== ABOUT THIS EXERCISE ==
Since the pictures are not wanted, retype the listing below exactly and without them.

== DATA ==
-=-=-

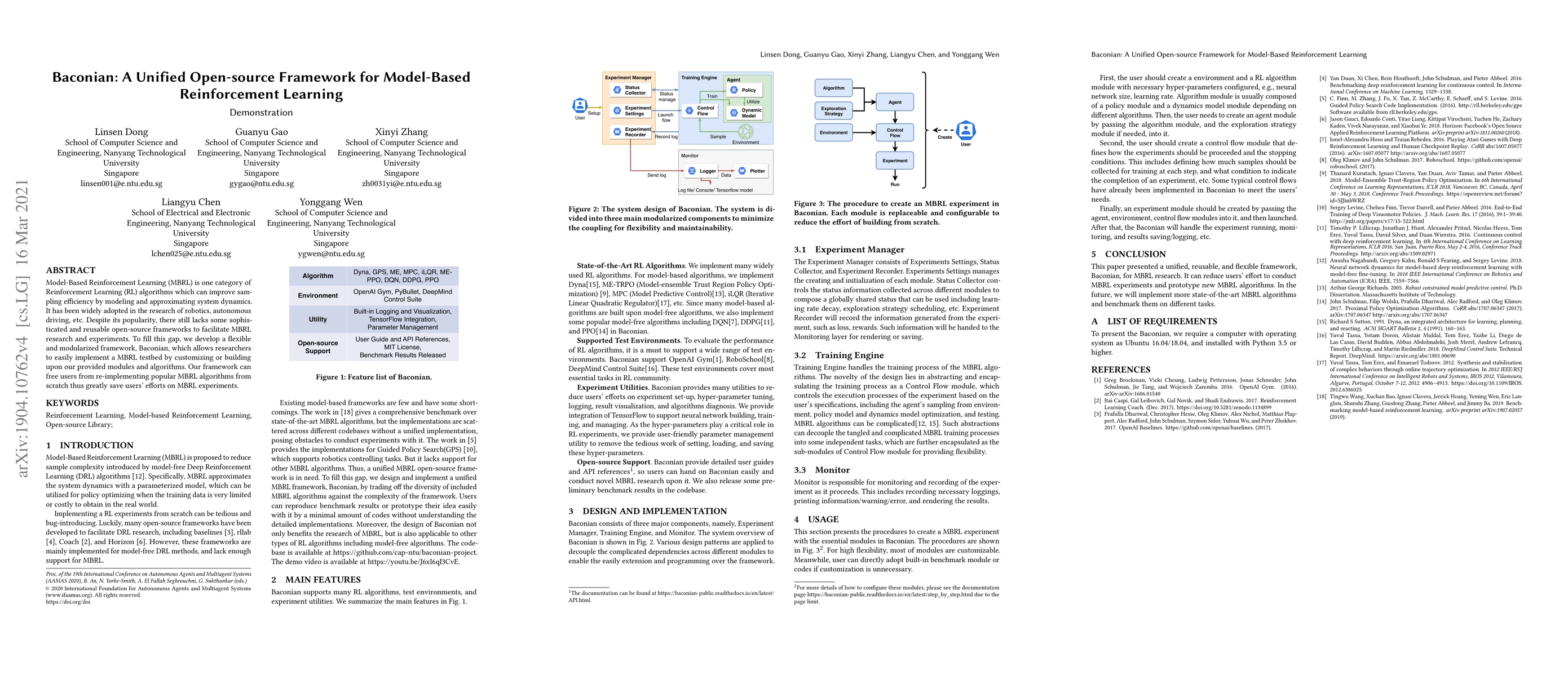 Baconian is a unified open-source framework designed to facilitate Model-Based Reinforcement Learning (MBRL) research by providing modularized and reusable components. It aims to save researchers' time by allowing them to implement MBRL experiments without re-implementing popular algorithms from scratch.
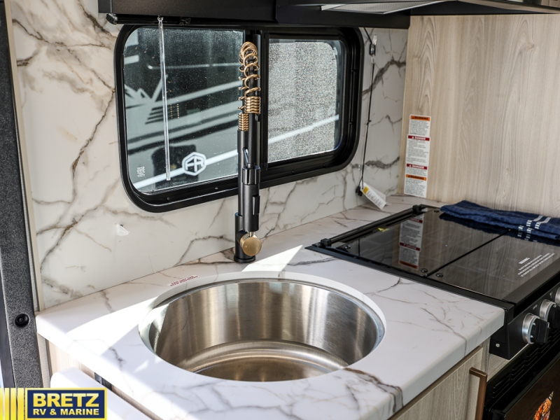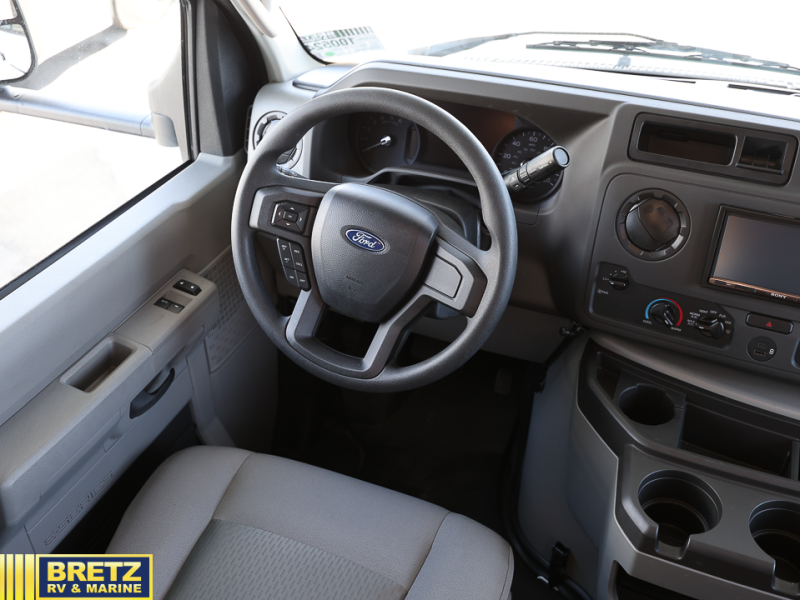 With any Entrada Class C gas motorhome from EAST TO WEST, the construction consists of a one-piece painted fiberglass front cap, a TPO roof membrane, and 2" Azdel composite sidewalls for added durability. There are rotocast exterior storage compartments with slam latch doors, along with an exterior LP Quick Connect, and a power awning with an LED light strip. You will also find rear and sideview cameras to help make maneuvering and parking your RV easier than ever. Inside, you'll feel right at home with soft close hardwood cabinet doors and drawers, a high-altitude tankless water heater, plus a 12V smart TV and USB ports to keep your electronics charged up!
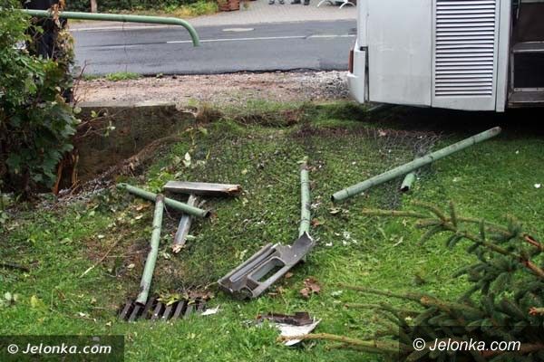 Autobus uderzył w Karpaczu w skodę, potem w mur i wjechał do ogrodu
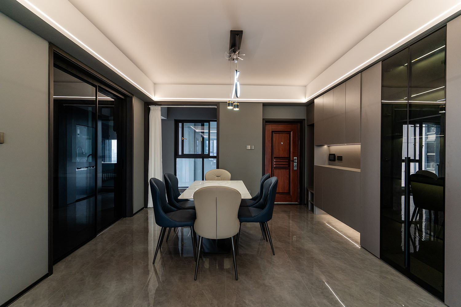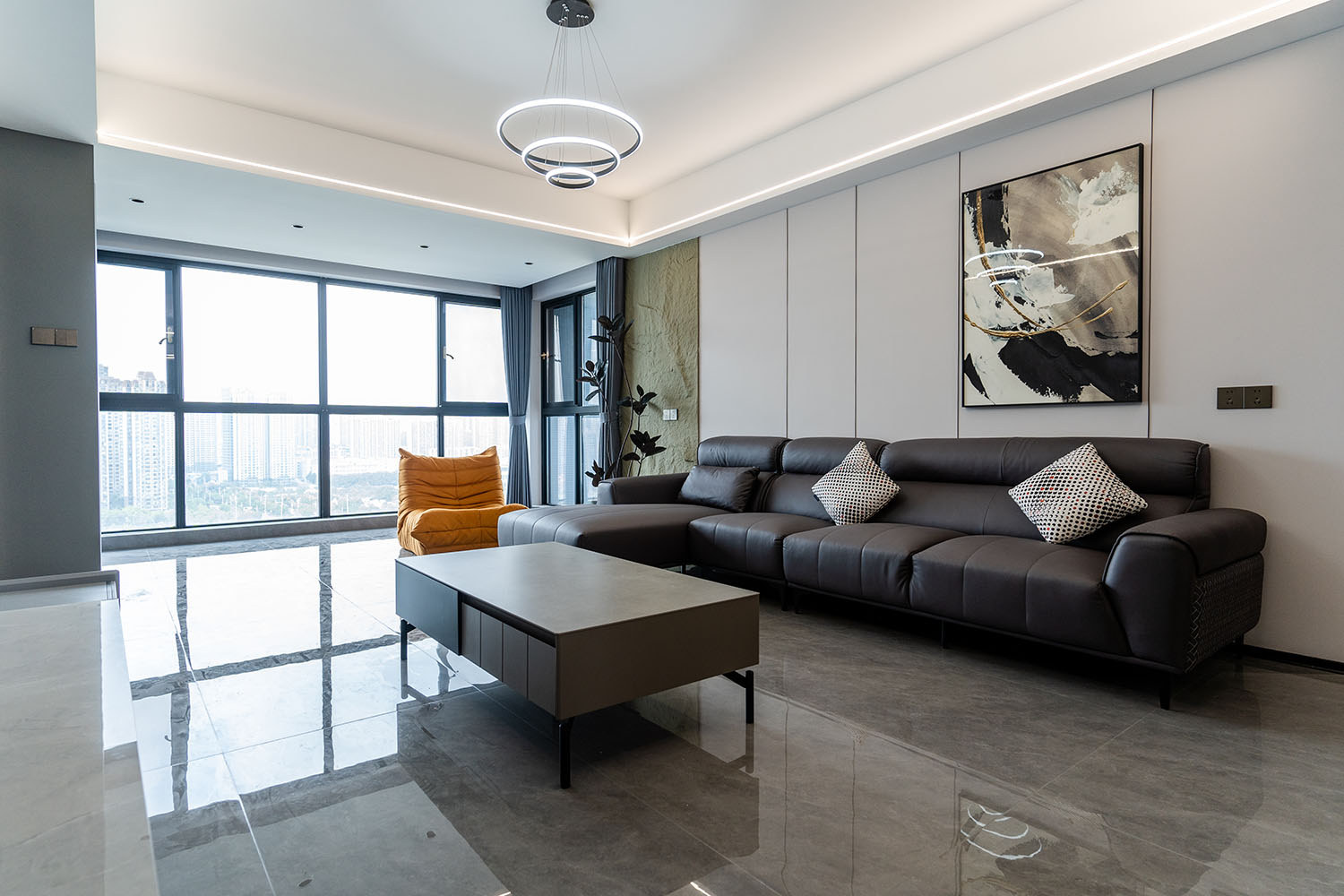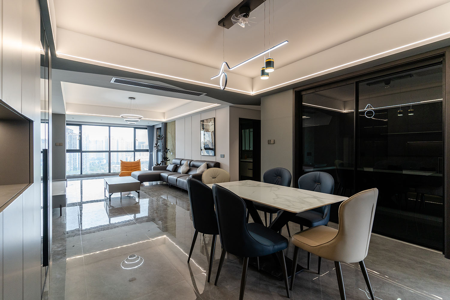 本案的核心設計理念是 “于克制中,見自由” 。旨在通過嚴謹?shù)臉媹D與色彩控制,展現(xiàn)一種高度理性的秩序之美。設計并非追求冰冷的極致,而是在黑白灰的框架內(nèi),通過材質的溫度、光影的變幻與線條的韻律,注入感性的生活氣息,最終達成一種冷靜與溫暖、簡約與豐富的微妙平衡,滿足都市精英對品質與格調(diào)的雙重追求。

-=-=-

== ANSWER SECTION ==
 Baconian is a unified open-source framework designed to facilitate Model-Based Reinforcement Learning (MBRL) research by providing modularized and reusable components. It aims to save researchers' time by allowing them to implement MBRL experiments without re-implementing popular algorithms from scratch.
 With any Entrada Class C gas motorhome from EAST TO WEST, the construction consists of a one-piece painted fiberglass front cap, a TPO roof membrane, and 2" Azdel composite sidewalls for added durability. There are rotocast exterior storage compartments with slam latch doors, along with an exterior LP Quick Connect, and a power awning with an LED light strip. You will also find rear and sideview cameras to help make maneuvering and parking your RV easier than ever. Inside, you'll feel right at home with soft close hardwood cabinet doors and drawers, a high-altitude tankless water heater, plus a 12V smart TV and USB ports to keep your electronics charged up!
 Autobus uderzył w Karpaczu w skodę, potem w mur i wjechał do ogrodu
 本案的核心設計理念是 “于克制中,見自由” 。旨在通過嚴謹?shù)臉媹D與色彩控制,展現(xiàn)一種高度理性的秩序之美。設計并非追求冰冷的極致,而是在黑白灰的框架內(nèi),通過材質的溫度、光影的變幻與線條的韻律,注入感性的生活氣息,最終達成一種冷靜與溫暖、簡約與豐富的微妙平衡,滿足都市精英對品質與格調(diào)的雙重追求。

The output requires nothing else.